It’s Time to Raise the Gasoline Tax Unconditionally

After the November election, the biggest battle in Trenton will be whether or not to provide funds to repair New Jersey’s crumbling infrastructure via an increase in the gasoline tax – one of the lowest in the nation. Our Transportaion Trust Fund, which pays for these improvements, is broke. Although New Jersey residents want better roads and bridges, they don’t want to pay for them. This is simply a foolish byproduct of the no-tax drones on Fox “News” and 101.5.

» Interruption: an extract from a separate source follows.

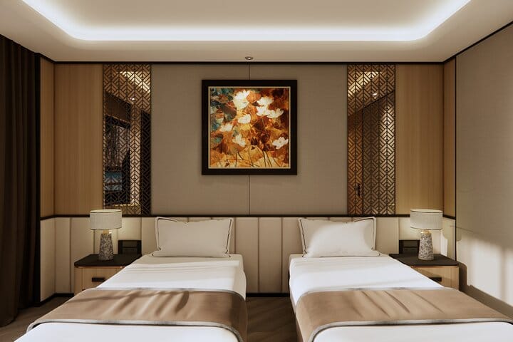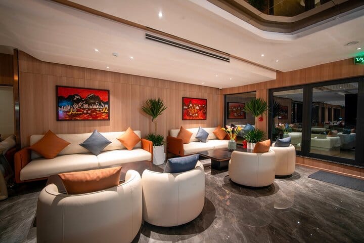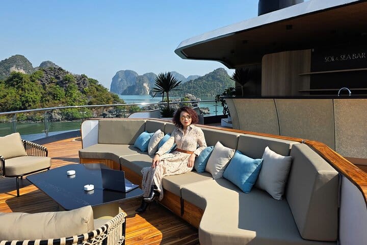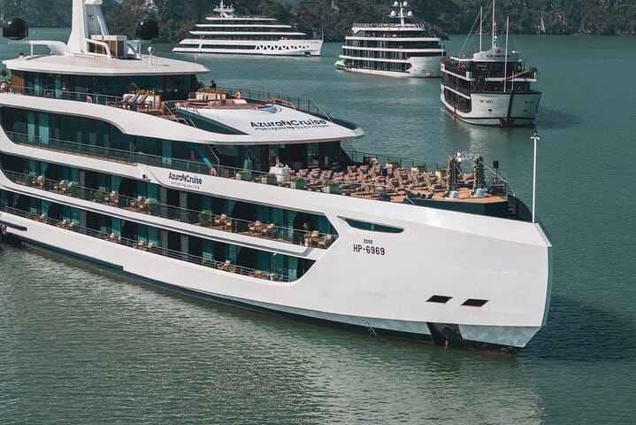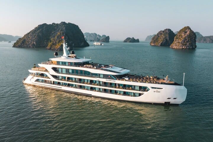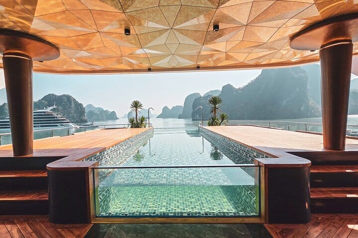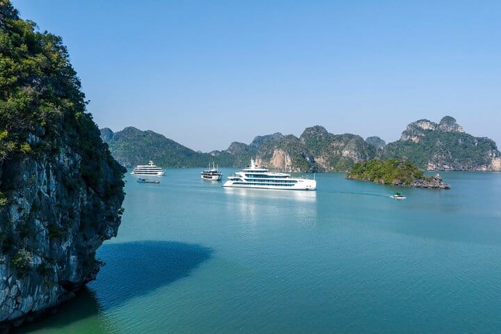 From Hanoi, indulge in an exceptional 2-day, 1-night 5-star luxury cruise through the iconic beauty of Ha Long Bay and Lan Ha Bay, complete with comfortable limousine transfers, elegant cabins, and premium onboard services. Sail past dramatic limestone formations and serene emerald waters, kayak into hidden caves, and swim at secluded beaches away from the crowds. Delight in refined Vietnamese and international cuisine, join a sunset party, hands-on cooking class, and peaceful Tai Chi session on the sundeck. With attentive hospitality and a thoughtfully curated itinerary, this luxury overnight cruise offers the perfect balance of exclusivity, relaxation, and unforgettable discovery.

Because of this singular and simplistic approach – one aided and abetted by unenforceable “no-tax” pledges – taxpayers are paying more in the long run. We’re paying through more expensive emergency repairs, time lost in traffic, and increased wear and tear on our vehicles as they fail to navigate the potholes that have become the symbol of institutional neglect.

Gasoline taxes are just one aspect of the revenue picture, but they have one very attractive discriminator. With New Jersey in the center of the busy Boston-Washington corridor, a good portion of the revenue collected will come from out-of-state residents. When we visit other states, we’re paying more into their coffers. It seems sensible to have those residents reciprocate.

It could be that the politicians are intentionally allowing our roads and bridges to deteriorate so they can do to our infrastructure what they have done to our public education system. Desperate commuters would look the other way as major roads and bridges are privatized, tolled, and run by for-profit companies. These same compaines would redirect a portion of their profits to campaign coffers. Overall commuting costs would rise. As far-fetched as this sounds, it is already happening.

Another side benefit to a gasoline tax increase is that it would encourage (and provide voter support for) more efficient mass transit, make fuel-efficient cars more attractive, and reduce overall greenhouse gas emissions.

According to Martin Robbins of the Rutgers Voorhees Transportation Center, a thirty cent per gallon increase would allow us to essentially tread water and maintain our current infrastructure. While commuters would complain, responsible elected officials should clearly explain why this long-term investment in our future is vital. Or they should be prepared to explain to our grandchildren why New Jersey’s roads are no better than those in third world countries.

Comments (2)

  1. scott olson

    I agree that *something* must be done to save our failing infrastructure, but it’s not a tax increase alone.

    What needs serious discussion is the inefficiency, attitude and culture within NJDOT itself. Being an elected official, and having just suffered through almost 6 years of a widening project of just ONE mile of Route 206 in Byram, NJ, I can tell you that *if* the lack of management of contractors, no-show DOT management and half-assed workmanship on this small project goes on statewide, we may as well be lighting a match to half the money being directed to road construction by the state.

    Correct the cultural within NJDOT as part of this process, or we’ll never see the infrastructure of our state maintained effectively or efficiently.

    Reply
  2. Gil

    I understand the argument, but there’s a problem with the structure of the gas tax. It hits working people and working families the most, and that’s something that remains true no matter how low the gas tax is in New Jersey. Can’t we raise a tax that’s going to predominantly effect those who can actually afford it for a change? Why can’t we raise the property tax on homes over a certain value? Why can’t we raise sales taxes on purchases of luxury items over a certain value?